Output must consist only of the lines of the material below from the one with "[공지안내]좋은공연안내센터 휴관안내(센터 내 전기 공사)" through the one with "Relaxed fit Romper", each reproduced exactly; no pictures belong in it.
::: DATA FOR THE TASK :::
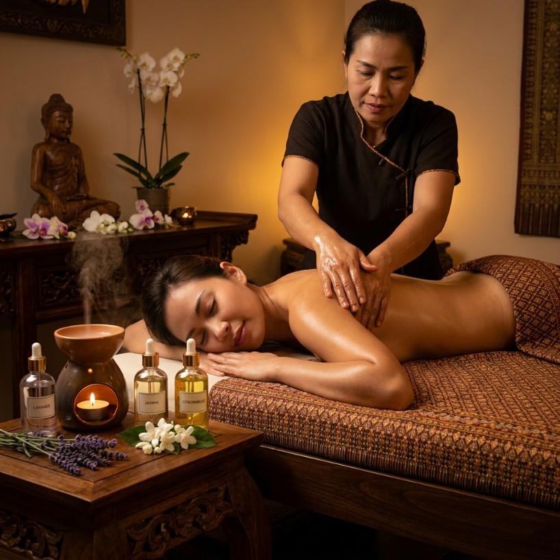 Offrez-vous un moment de détente absolue avec le massage thaï aux huiles chez Chanothaï, votre salon de massage thaïlandais aux Lilas (93), à deux pas de Paris. Le Nuad Naman associe la précision des gestes traditionnels thaïlandais à la douceur d'huiles essentielles chaudes, sélectionnées pour leurs vertus apaisantes et régénérantes : lavande, jasmin ou citronnelle. Réalisé par un masseur thaïlandais diplômé et formé en Thaïlande, ce soin enveloppant travaille l'ensemble du corps en suivant les lignes d'énergie pour une relaxation en profondeur. Les mouvements fluides et les pressions douces permettent de dénouer les tensions musculaires, d'améliorer la circulation sanguine, de nourrir la peau et de favoriser un lâcher-prise total. Corps et esprit se reconnectent dans un état de calme profond, propice à un meilleur sommeil et un rééquilibrage global. Ce massage aux huiles est particulièrement recommandé pour les personnes en quête de douceur, sensibles aux pressions appuyées ou souhaitant allier bien-être musculaire et soin de la peau dans une expérience relaxante et authentique.
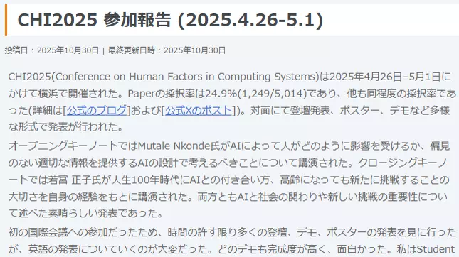 大塚君のCHI2025参加報告がHI学会ウェブページに掲載されました。
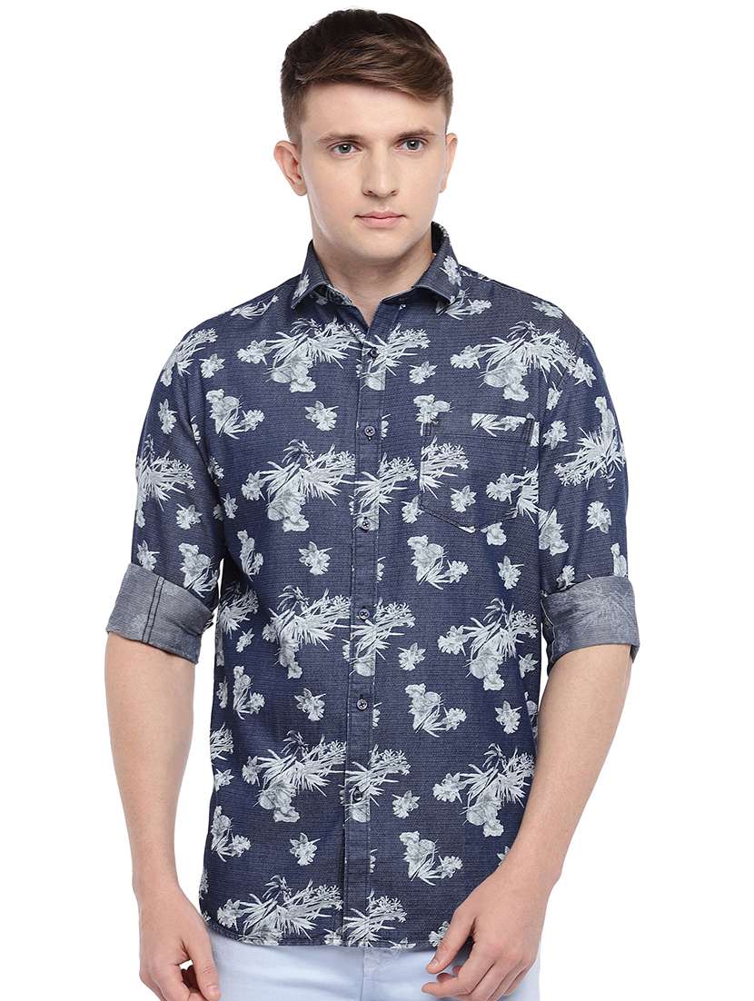 - » navy blue floral print casual shirt
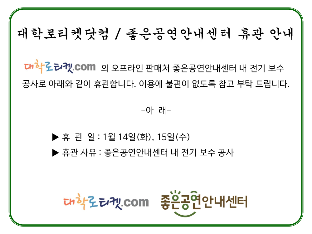 [공지안내]좋은공연안내센터 휴관안내(센터 내 전기 공사)
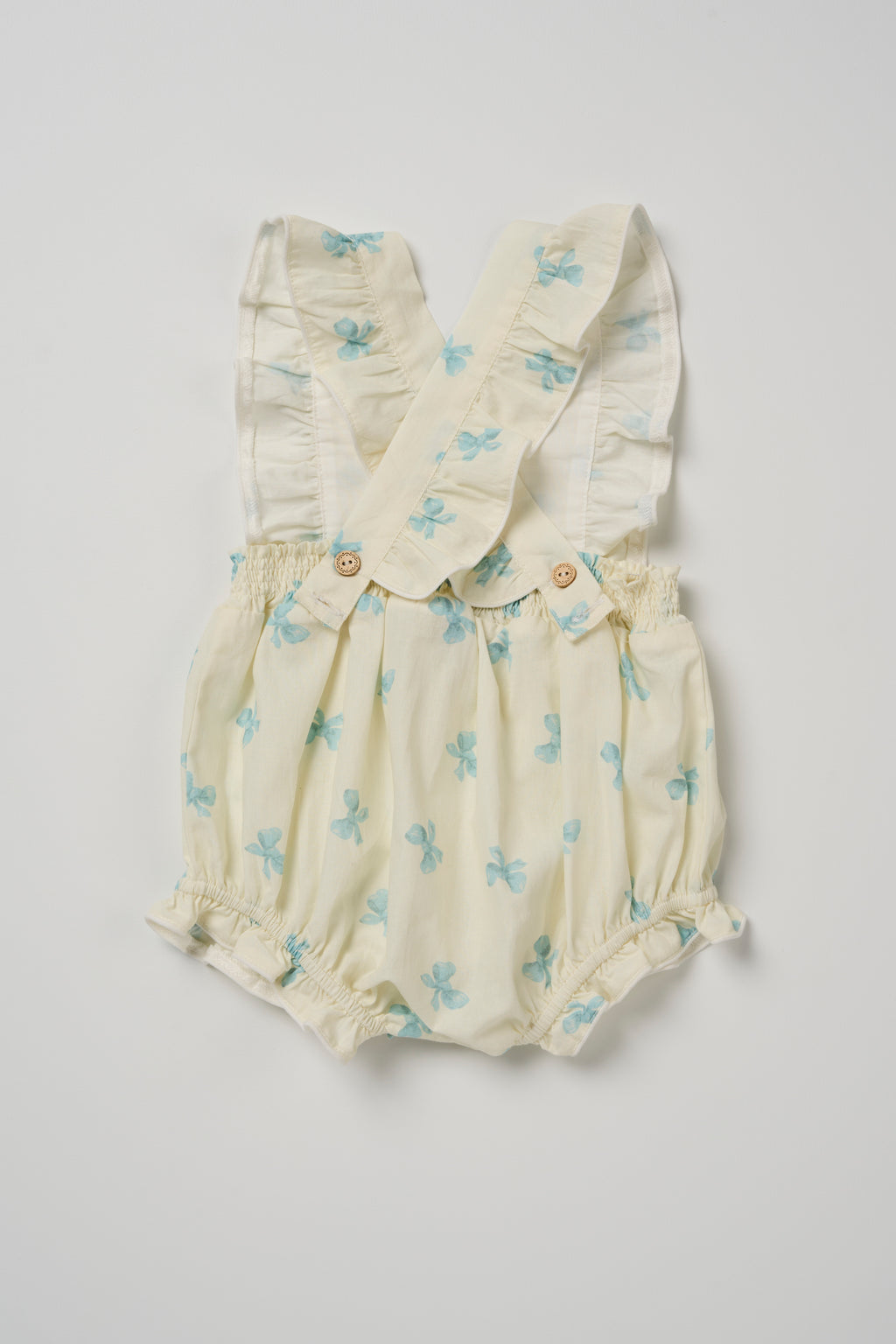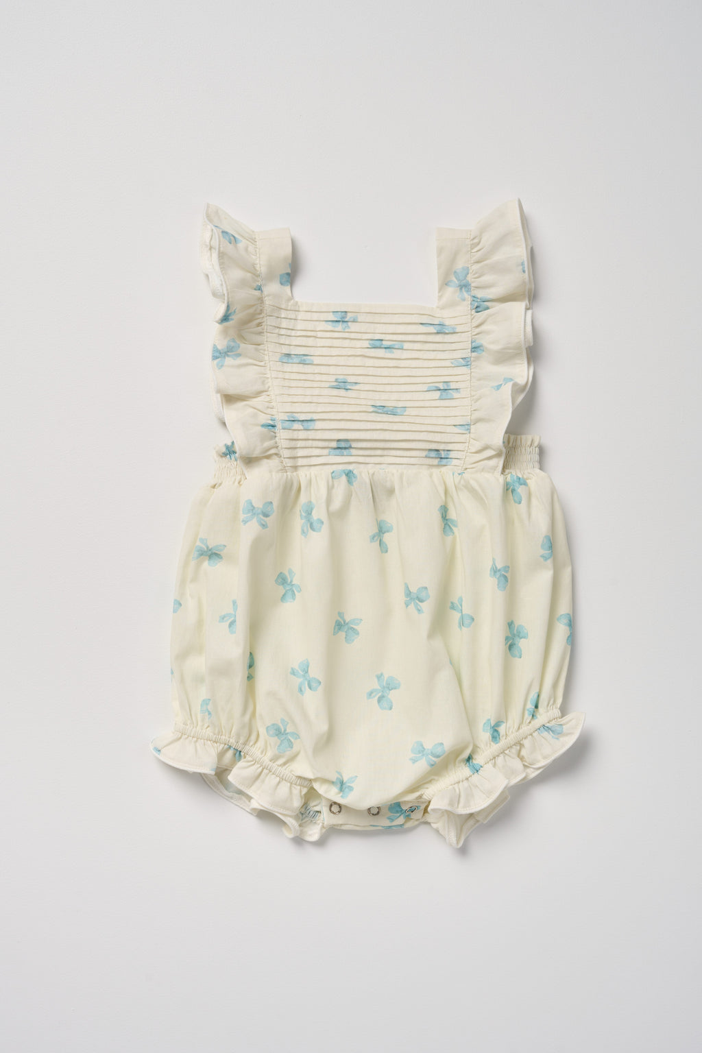 Relaxed fit Romper with pin tuck across front. Gorgeous frilled ruffled edge sleeve edged in white. Elastic ruffle leg edged in white with stud crotch. Loose elastic waist with crisscross adjustable straps that button with 2 sizes.
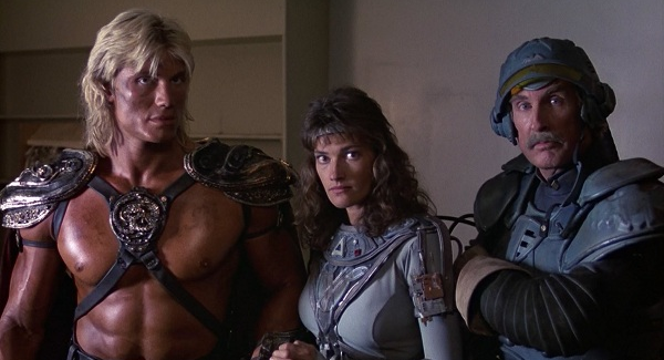 We begin on the planet of Eternia — no one ever accused the He-Man cartoon series creators of wasting more than a fraction of a second on names — where Skeletor (Darth Vader) has beaten down the remaining freed people (the Rebel Alliance) and has now taken wing in his massive fortress of doom, Castle Greyskull (the Death Star). For reasons unknown, He-Man and his pals want the castle back, even though the words “Skeletor” and “Greyskull” go together like bologna and mayonnaise. It was just meant to be, people. Our pal Skelly has a face only a corpse could love, but that doesn’t hold a candle to the outfits of the good guys: He-Man as an over-oiled, caped, minimal-wearing Dolph Lundgren, spandex-and-headband-sporting Teela (Chelsea Field), and action figure-ready Man-At-Arms (a moustachioed Jon Cypher).
:::
TASK ANSWER:
 [공지안내]좋은공연안내센터 휴관안내(센터 내 전기 공사)
 Relaxed fit Romper with pin tuck across front. Gorgeous frilled ruffled edge sleeve edged in white. Elastic ruffle leg edged in white with stud crotch. Loose elastic waist with crisscross adjustable straps that button with 2 sizes.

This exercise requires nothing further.